The 450-suite condo building — with four fronts and no back — will run 400 feet down the middle of a block bound by Adelaide, King, Portland and Bathurst Sts.
The site was created through the parceling together of two separate properties within a block that’s occupied by old warehouses, offices and a handful of vintage homes.
Context King West rises from 10 storeys along King and Adelaide to nearly double that height in the middle of the site, where the highest portion of the building will be 18 storeys.
“Normally you get a building that has a lot of frontage along the street, but this doesn’t,” notes Context Development president Howard Cohen. “It has about 100 feet on King and 120 feet on Adelaide.”
The project illustrates an important urban design principle, he says. “You put your highest component mid block. That’s the best way to intensify but not detract from the streetscapes. Then you don’t see (the taller portions of the building) from the street.”

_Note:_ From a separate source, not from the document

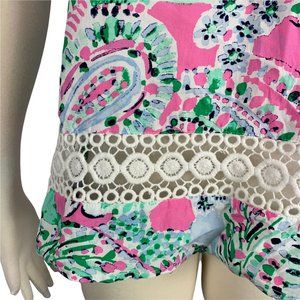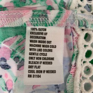 Pink/green/blue pattern with pom-pom and crochet accents. Sleeveless. Rayon.
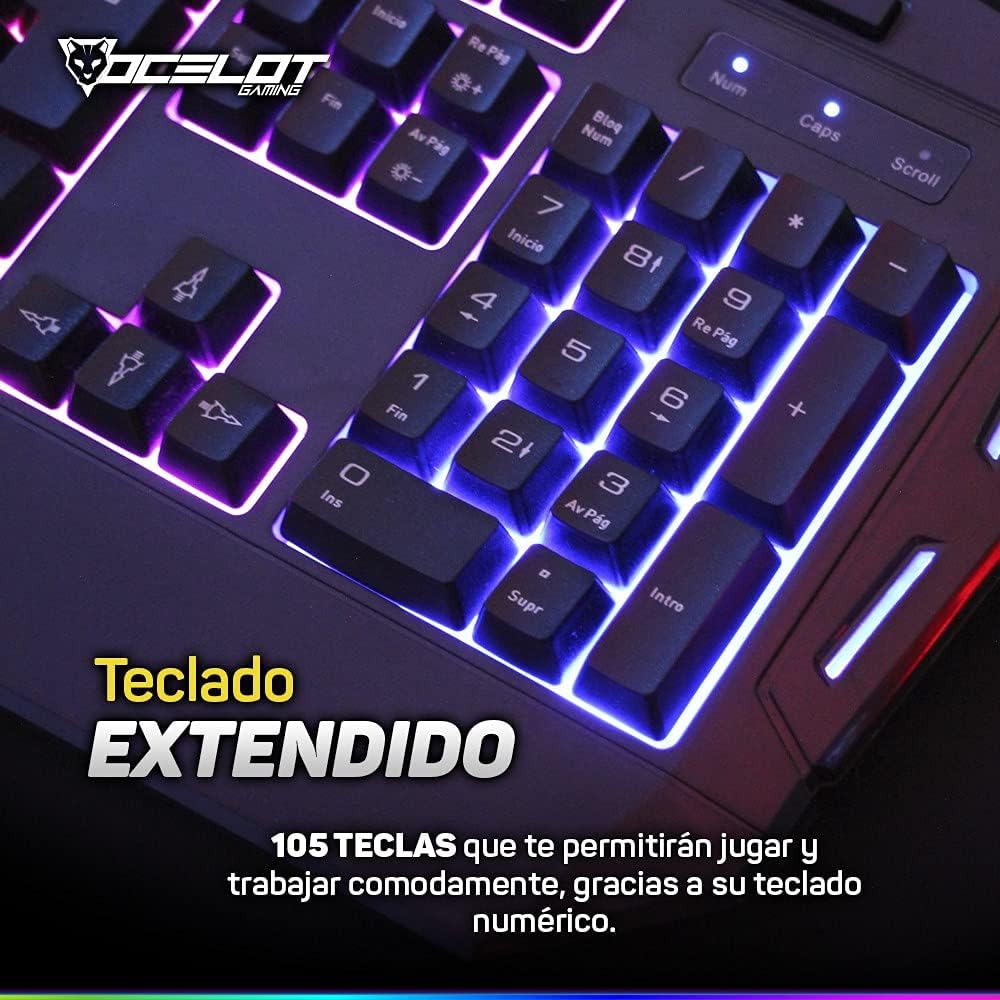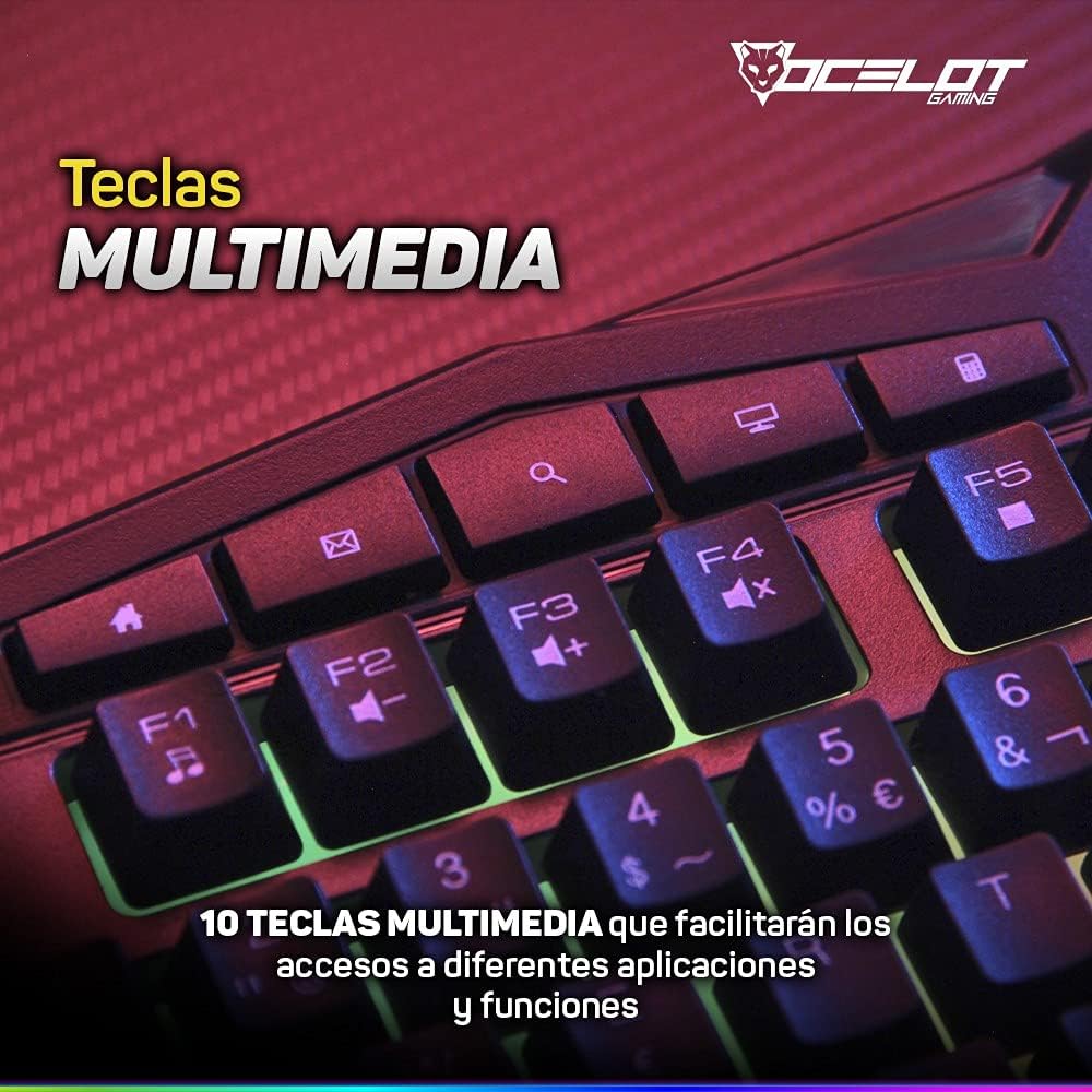 Teclado Membrana Extendido Ocelot, Alambrico, Plastico, Negro, Iluminacion Tipo Arcoiris, Teclas Multimedia, Gamer

The first phase of Context King West, dubbed The Lanes, goes on sale this month. It includes suites on the building’s first 13 floors, which range from 375-square-foot studios to 785-square-foot two-bedroom units. Prices start in the mid-$200,000s.
The condos, designed by Burdifilek, will have nine-foot ceilings and engineered hardwood flooring.
Kitchens come with stone countertops, back-painted glass backsplashes and undermount stainless steel sinks. Bathrooms will have a tiled floor-to-ceiling feature wall.
Context King West’s second phase, The Arches, will include larger upper level suites, many of which will have private terraces and green roofs. There will also be live-work townhouses at the ground-floor level.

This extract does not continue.